Je l’ai récupérée à l’aéroport. Nous avons baisé dans le taxi, à l’hôtel où je l’ai déposée, sous la douche, dans le lit à nouveau. Comme s’il fallait récupérer toutes les fois où nous n’avons pas pu. Je lui ai fait visiter la ville, en long et en large. Je l’ai emmenée au restaurant, au cinéma : partout le même rituel, dans les toilettes, ou dans les salles obscures vides. Insatiables. Toujours le même plaisir au moment où je glisse mes doigts dans son entre-jambes et je sens qu’elle mouille déjà. Que je l’excite à mort.

Je ne peux plus la laisser repartir et de toute façon, elle-même ne le veut pas. Je quitte ma femme,puis prends un nouvel appartement. Je fais aménager la chambre pour que ça soit un coin douillet, plein de coussins et de tentures. Nous installons une webcam.
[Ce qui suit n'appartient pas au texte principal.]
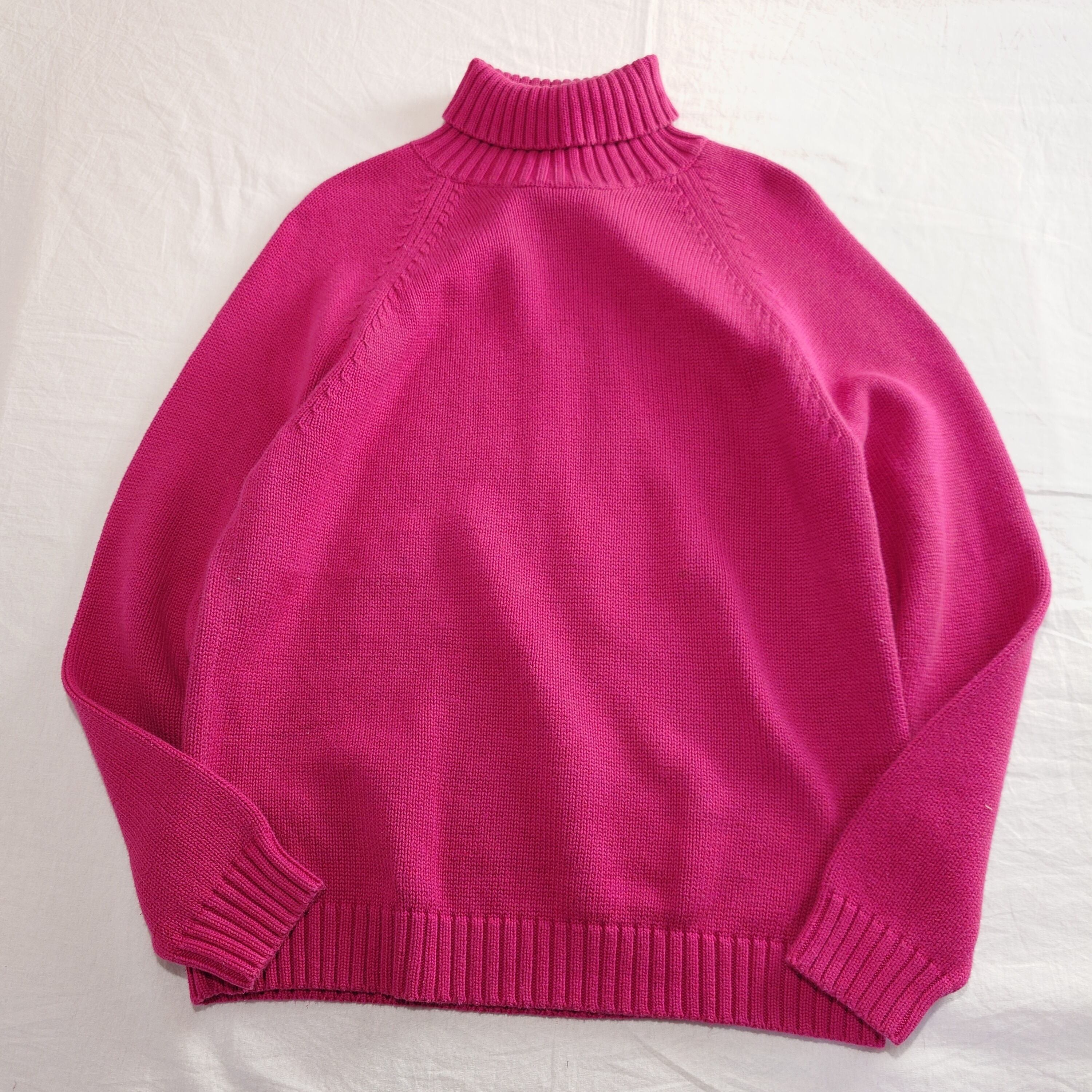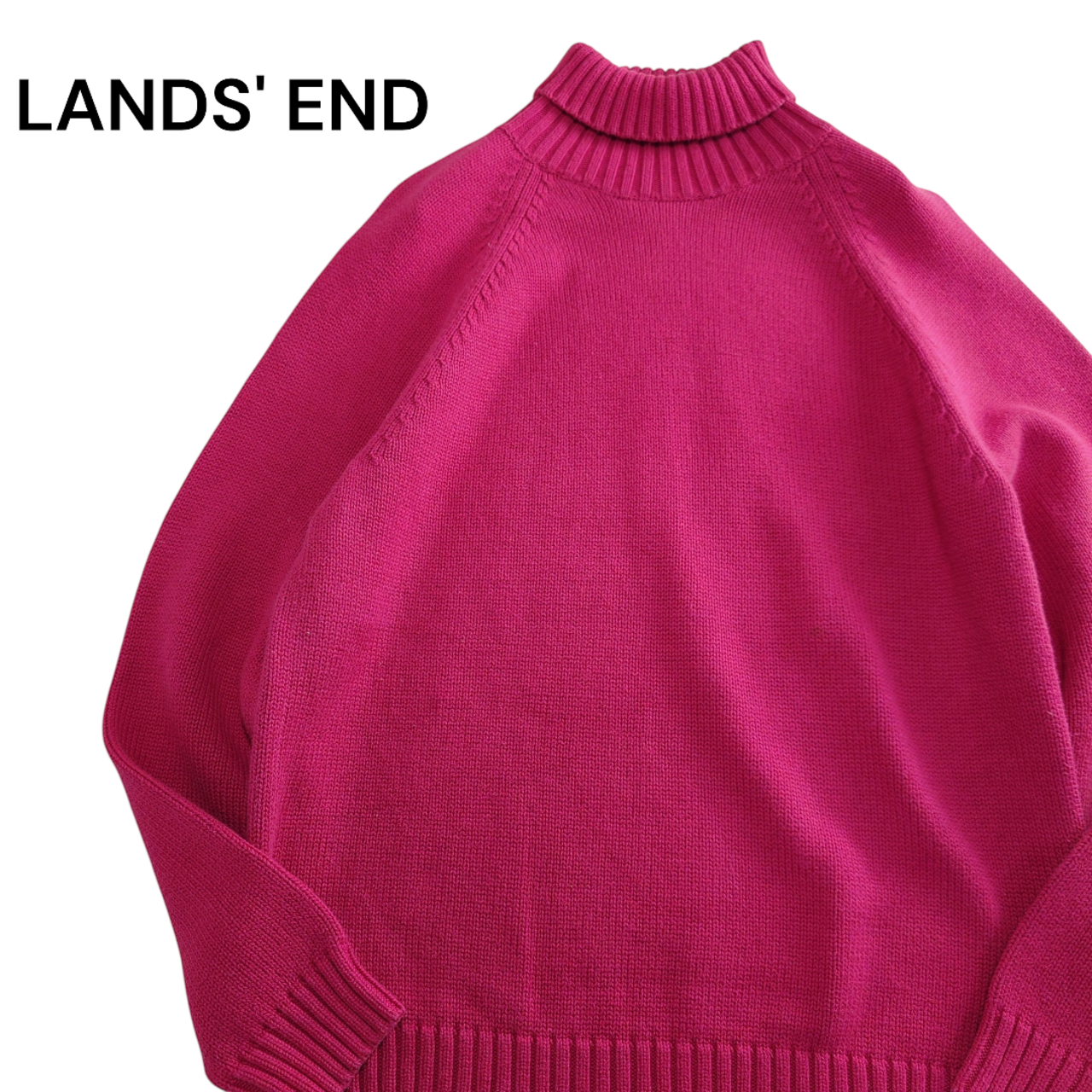 【90~00s】LANDS' END ランズエンド コットンニット タートルネック ラグランスリーブ ピンク系 レディース古着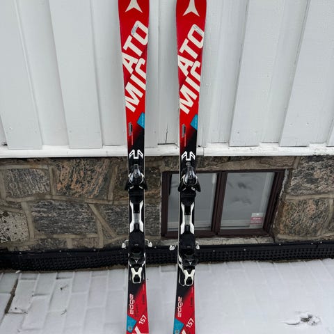 Atomic Redster J2 alpinski i lengde 130 cm. Skiene har sidecut 109–68–90 mm og radius 10,5 m, som gir en carvingski med kort svingradius.Skiene leveres med Ezytrak-binding montert på ski.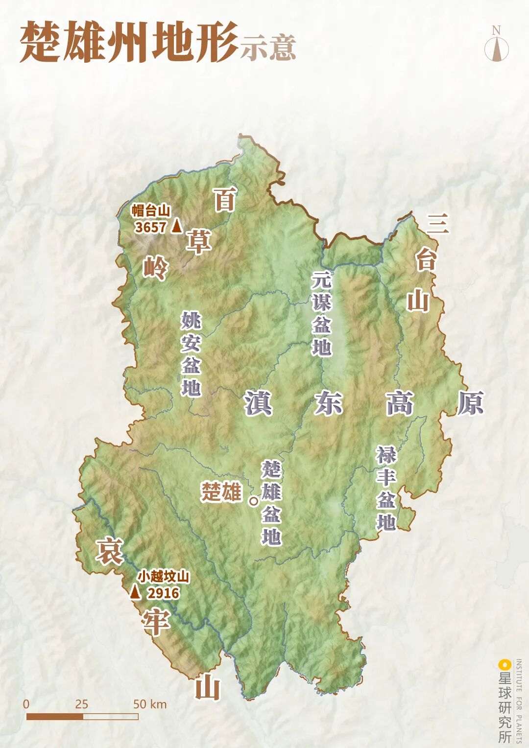 (楚雄州地形示意,制图@陈志浩/星球研究所)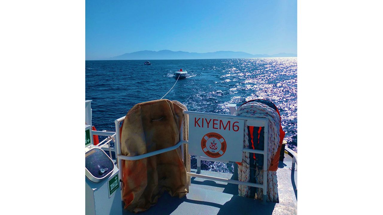 Kıyı Emniyet Genel Müdürlüğü kurtarma botuna yedeklenen 9 metre boyundaki tekne Bodrum Marina’ya emniyetle yanaştırıldı.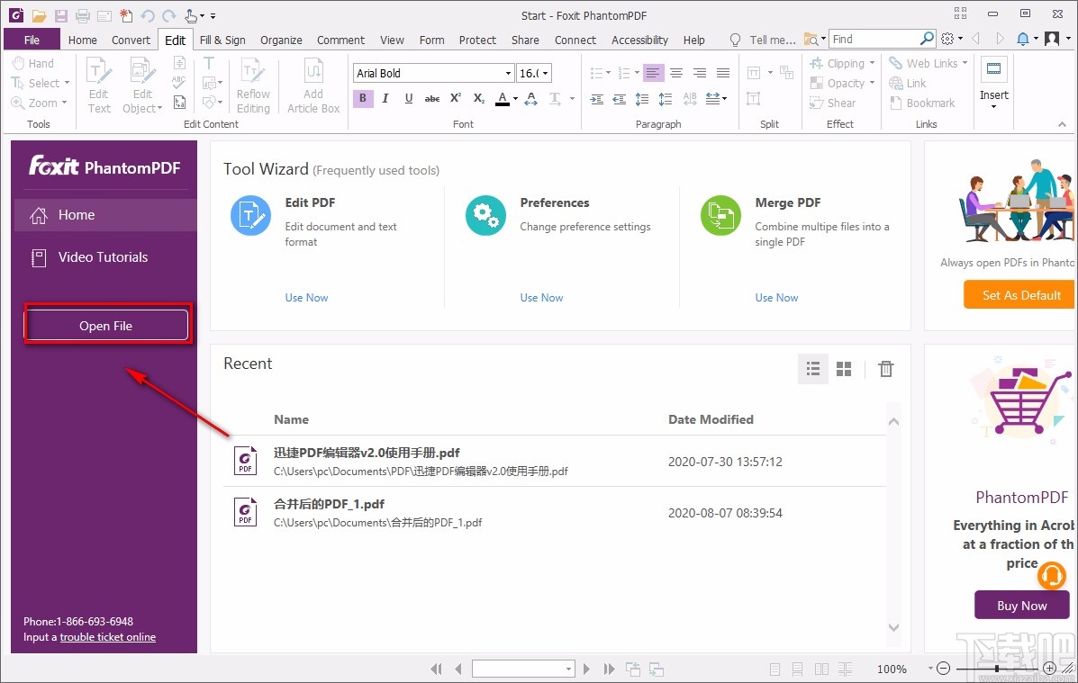 foxit phantom是一款非常好用的PDF编辑软件,该软件界面简单清爽,不仅给用户提供了PDF文档阅读、创建、编辑的功能,而且还能够对PDF文件进行其他操作,比如PDF合并、PDF加密解密等,功能十分全面。这款软件是一款操作简单的PDF办公软件,但是很多新入手这款软件的朋友不知道怎么在软件中对文档进行编辑操作,也不知道怎么删除文字。其实这款软件删除文字的方法很简单,那么接下来小编就给大家详细介绍一下foxit phantom删除文字的具体操作方法,有需要的朋友可以看一看。

Des milliers de messages arrivent. Notre commerce marche très fort, nous faisons des dizaines et des dizaines d’envieux qui nous observent pendant que je la prends, que je la pénètre bien profondément et qu’elle jouit. Nous sommes désormais deux sur les vidéos.

Je n’avais pas imaginé que ça pouvait être aussi bon mais je dois l’admettre : quand la webcam tourne, et que des milliers de mecs et de filles se masturbent en nous regardant baiser, ça m’excite encore plus.